Polysomal assay in young (Y), middle-aged (M), and old (O) mice. Postnuclear preparations from the renal cortex of mice were separated into ten fractions on a 15–40% sucrose gradient, and mRNA for collagen type Iα2 was detected by RT–PCR. The percentage of total mRNA for collagen type Iα2 distributed to fractions 7–10 represents that bound to 80S ribosome and ready for translation; note the increment in this fraction of mRNA in the old mice. Mean data from two mice from each group are shown.

Fig 6

TGFβ expression and activation, miR21 and Sprouty expression in young (Y), middle-aged (M), and old (O) mice. (A) Immunoblotting of renal cortical homogenates was performed to assess changes in the expression of TGFβ in the middle-aged and old mice.
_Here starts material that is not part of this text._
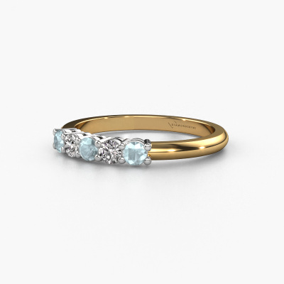 Deze 5 steens ring heeft de naam Michelle 5. Dit type ring wordt een 'alliance' ring genoemd, omdat hij recht is uitgevoerd. Hierdoor kan de ring samen met andere ringen gedragen worden. Deze ring is uitgevoerd in 14 Carat goud en heeft aquamarijn in combinatie met lab-grown diamant ter grootte van 3 mm in de band. Zoals je ziet, worden er bij deze prachtige gouden alliance ring aquamarijn naast elkaar op de ring gezet. De betekenis van alliance is letterlijk 'samenwerken'. En dat is precies wat deze edelstenen doen: samen creëren ze op de band een extra bijzonder effect bij een klassieke ring! Een prachtige symboliek voor een ring, toch? Alle zorgvuldig geselecteerde aquamarijn worden met de hand geplaatst door onze meester goudsmid. Een zeer precies werkje, dat alleen door onze unieke combinatie van puur vakmanschap en de modernste technieken het optimale effect krijgt. Alle edelstenen moeten namelijk precies op dezelfde manier geplaatst worden om het licht perfect te verspreiden. Daarom zal de goudsmid deze ring steeds weer tegen het licht houden om te zien of de aquamarijn juist geplaatst zijn. Het vraagt een vaardige hand en veel geduld, maar het resultaat is een echt meesterstuk. En daar gaan we voor!Ben je gebonden aan een bepaald budget? Neem gerust contact met ons op, we adviseren graag over alle mogelijkheden. Sowieso leveren wij alle ringen tegen een prijs die je nergens anders tegen komt, doordat we de ring pas vervaardigen wanneer je deze besteld. Hierdoor kunnen wij je een beste prijs garantie geven.
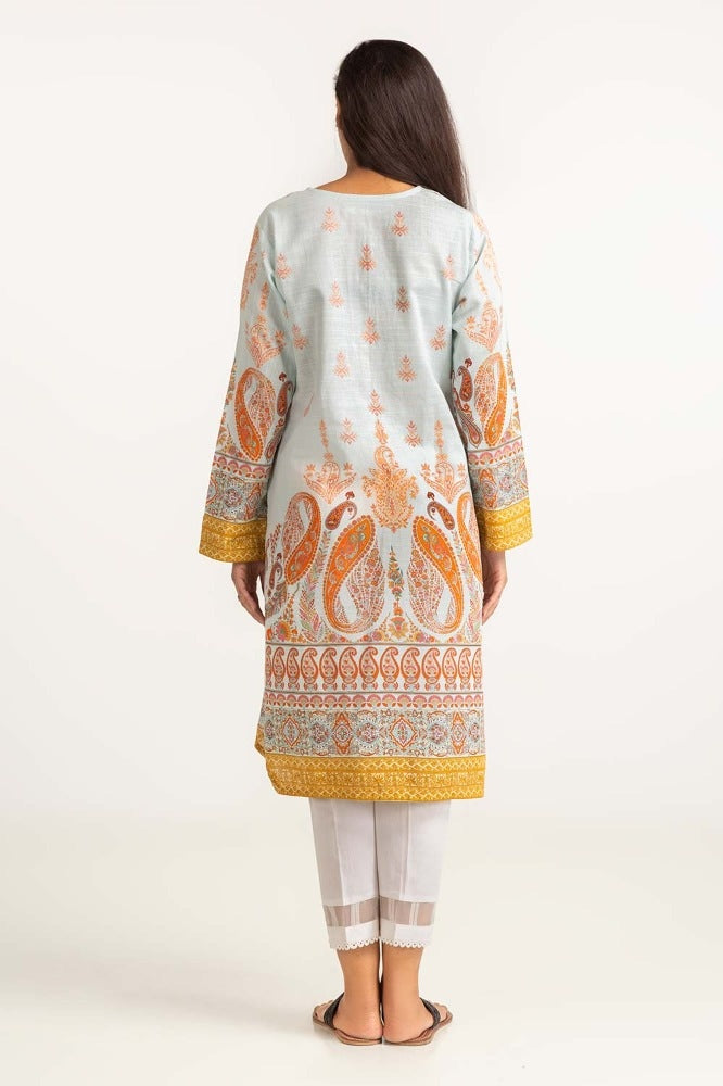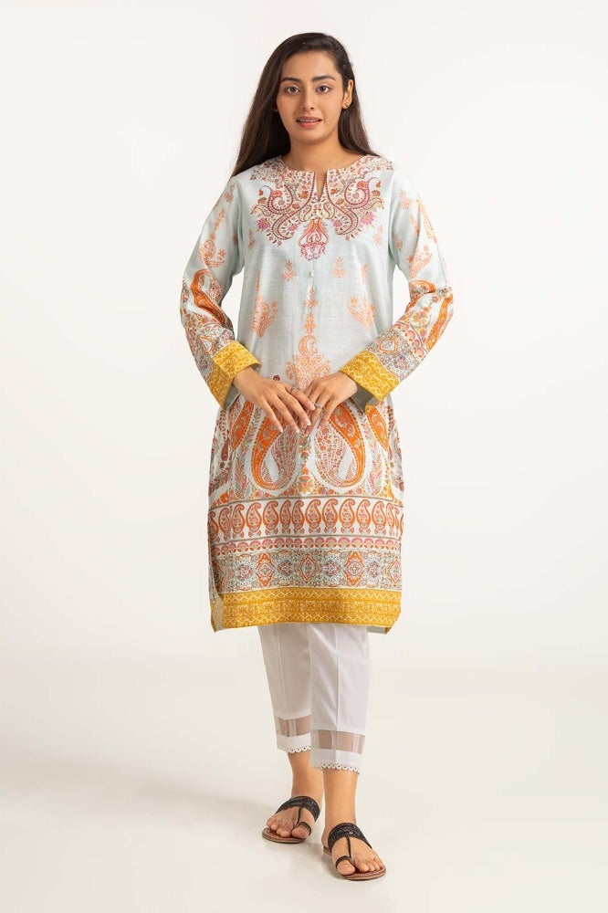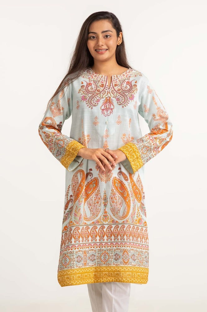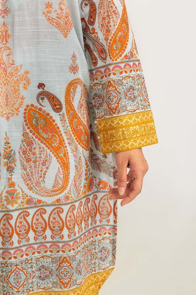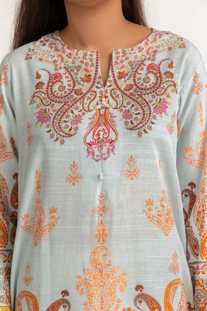Ready to wear Digital Printed Khaddar straight cut shirt with plain round neckline and sleeves embellished with pearls.

Composite mean ± SE data from four mice in each group are shown in a histogram (*P < 0.05 vs. young mice by ANOVA). (B) Quantitative RT-PCR was performed to assess TGFβ mRNA. Composite mean ± SE data from 5 to 6 mice in each group are shown in a histogram (**P < 0.01 vs. young mice; †P < 0.05 vs. middle-aged mice by ANOVA). (C) Immunoblot analysis of Smad3 phosphorylation in kidney cortical homogenates (representative data from 3 to 6 mice in each group, **P < 0.01 vs. young mice). (D) Real-time PCR was performed to assess changes in miR-21 and U6, the latter serving as control. Composite mean ± SE data from 7 to 8 mice in each group are shown in a histogram (***P < 0.001 vs. young mice, ††P < 0.01 vs. middle-aged mice by ANOVA). (E) Immunoblot analysis of Sprouty-1 (Spy-1) expression in kidney cortical lysates. Composite mean ± SE data from 6 to 8 mice in each group are shown in a histogram (*P < 0.05 vs. young mice by ANOVA).

Fig 7

A schematic diagram shows pathways involved in changes in the kidney in old mice reported in this study.